Enterprise AI Agents Need Harnesses, Traces, and Controlled Runtimes
LangChain co-founder and CEO Harrison Chase argues that enterprise AI agents are becoming an architectural problem rather than a question of adding autonomy wherever possible. In an NVIDIA AI Podcast interview, he says systems such as Claude Code, Manus and Deep Research share a common “deep agent” pattern: an LLM in a tool-calling loop, supported by a reusable harness, workspace, subagents and planning. For enterprises, Chase says trust depends on choosing the right level of autonomy and surrounding agents with observability, evaluation, secure runtimes and continued iteration.

The enterprise agent problem is now architectural
Harrison Chase traces LangChain’s original premise to a pattern he saw early in the generative AI cycle: developers were building applications around LLMs, and the systems around those models already had recognizable similarities. The models mattered, but so did the data connections, tools, workflows, and control structures that made an application usable.
Noah Kravitz framed LangChain as one of the more striking infrastructure stories of the period, saying the company began about three years ago and had passed one billion downloads. Chase’s origin story was more practical: the team saw that LLM applications would become complex, and that developers would need common tooling for what are now called agents.
The term Chase emphasized was “deep agents.” He said the idea emerged from a pattern LangChain saw about a year ago across systems such as Claude Code, Manus, and Deep Research. Under the hood, these systems shared a general architecture: an LLM running in a loop and calling tools, with recurring pieces such as a file system, subagents, and planning.
That observation led LangChain to release Deep Agents about nine months before the interview. Chase described it as an open source, model-agnostic, general-purpose agent harness: something developers can customize with prompts and tools instead of reinventing the same surrounding system for each application.
And so Deep Agents is, is really this new type of agent harness that we think is really general purpose and that you can customize to do different things. But it's not like you're reinventing the scaffolding each time.
The appeal, in Chase’s account, is not that the harness is elaborate. It is that it is simple enough to reuse. The underlying loop is still an LLM interacting with tools, but the surrounding environment gives it more autonomy and a more capable workspace. He pointed to OpenHands as another example powered by this type of harness.
For enterprise agents, that reusable harness sits alongside observability, evaluation, secure runtimes, and model choice. The more autonomy a system receives, the more important it becomes to define the tools it can call, the environment that constrains it, and the tests that show whether it is doing what the business intended.
Enterprises do not need autonomy everywhere
Harrison Chase separated the enthusiasm around autonomous agents from the practical question of where they belong. “Not everything needs an autonomous agent,” he said. In some enterprise cases, LangGraph — LangChain’s framework for combining LLM autonomy with more directed workflows and more control — remains the better fit.
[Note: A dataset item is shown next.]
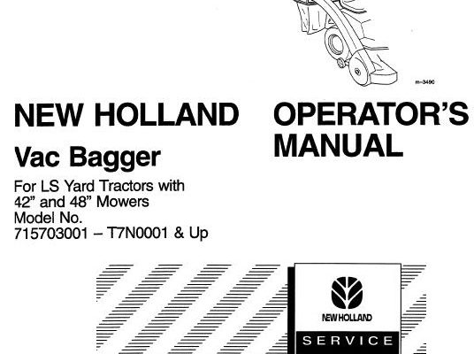 This is Complete Operator's Manual for New Holland Vac Bagger For LS Yard Tractors with 42" and 48" Mowers. Your machine has been designed and built to the highest…

That distinction matters because many enterprise discussions are not simply about whether agents can do more. They are about what level of autonomy is appropriate, what should be controlled by workflow, and what should be left open-ended. Some enterprise customers, Chase noted, tell LangChain they prefer LangGraph and plan to stay with it. His response was that this is fine: different use cases require different tools.
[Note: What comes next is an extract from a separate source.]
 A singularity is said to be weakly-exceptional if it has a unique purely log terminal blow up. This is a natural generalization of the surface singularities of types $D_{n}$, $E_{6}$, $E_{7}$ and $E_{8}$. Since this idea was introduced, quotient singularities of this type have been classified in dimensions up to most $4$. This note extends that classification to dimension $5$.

The deeper enterprise concern is visibility. Chase contrasted agents with conventional software by saying the interaction space for agents is far more open-ended. Text input is effectively unbounded. A traditional UI constrains users to buttons and fields; an agent can be asked almost anything. At the same time, models are non-deterministic and sensitive to small wording changes.
That combination is why observability and evaluation sit at the center of enterprise trust. If the model can take many possible paths, the organization needs to see what path it took. If a change in wording can change the answer, the organization needs ways to test behavior across more than one example.
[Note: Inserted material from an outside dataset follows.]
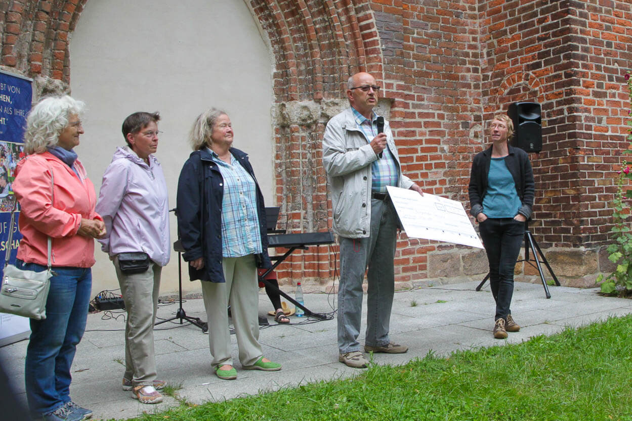 Mit Sorge schauten die Organisator:innen des Bürgerhafen Greifswald am 22. Juli auf die heranziehenden dunklen Wolken, die durch den Wind immer näher rückten. Sie ließen ahnen, dass der Nachmittag, an dem das Benefizkonzert stattfinden sollte, nass und windig werden könnte. Aber wie ein Wunder zog der Regen (abgesehen von ein paar Tropfen) vorbei, ein wundervolles Buffet konnte dank vieler ehrenamtlicher Unterstützer:innen aufgebaut werden und die Technik wurde von vor Nässe schützenden Plastiktüten befreit.

LangSmith is LangChain’s answer to that layer. Chase described the agent development life cycle as “build, test, run, manage.” The build layer is where teams choose the agent framework: LangGraph, Deep Agents, or another modular tool. LangSmith then covers the operational loop around that build: testing and evaluating the system, deploying it at scale, observing what happens in production, and managing it over time.
Trust comes from traces, scenarios, and iteration
For Harrison Chase, trust in an enterprise means the agent is doing what the organization wants it to do. Teams build that trust in two main ways. The first is traceability: inspecting an agent run and seeing exactly what steps it took. The second is evaluation: creating scenarios, running the agent against them, and judging the results.
Chase called this “evaluation-driven development.” He pushed back on the idea that teams need a large benchmark before evals become useful. Starting with five or ten scenarios, he said, can still clarify what the agent is supposed to do.
Agents can do anything, but they shouldn't do everything.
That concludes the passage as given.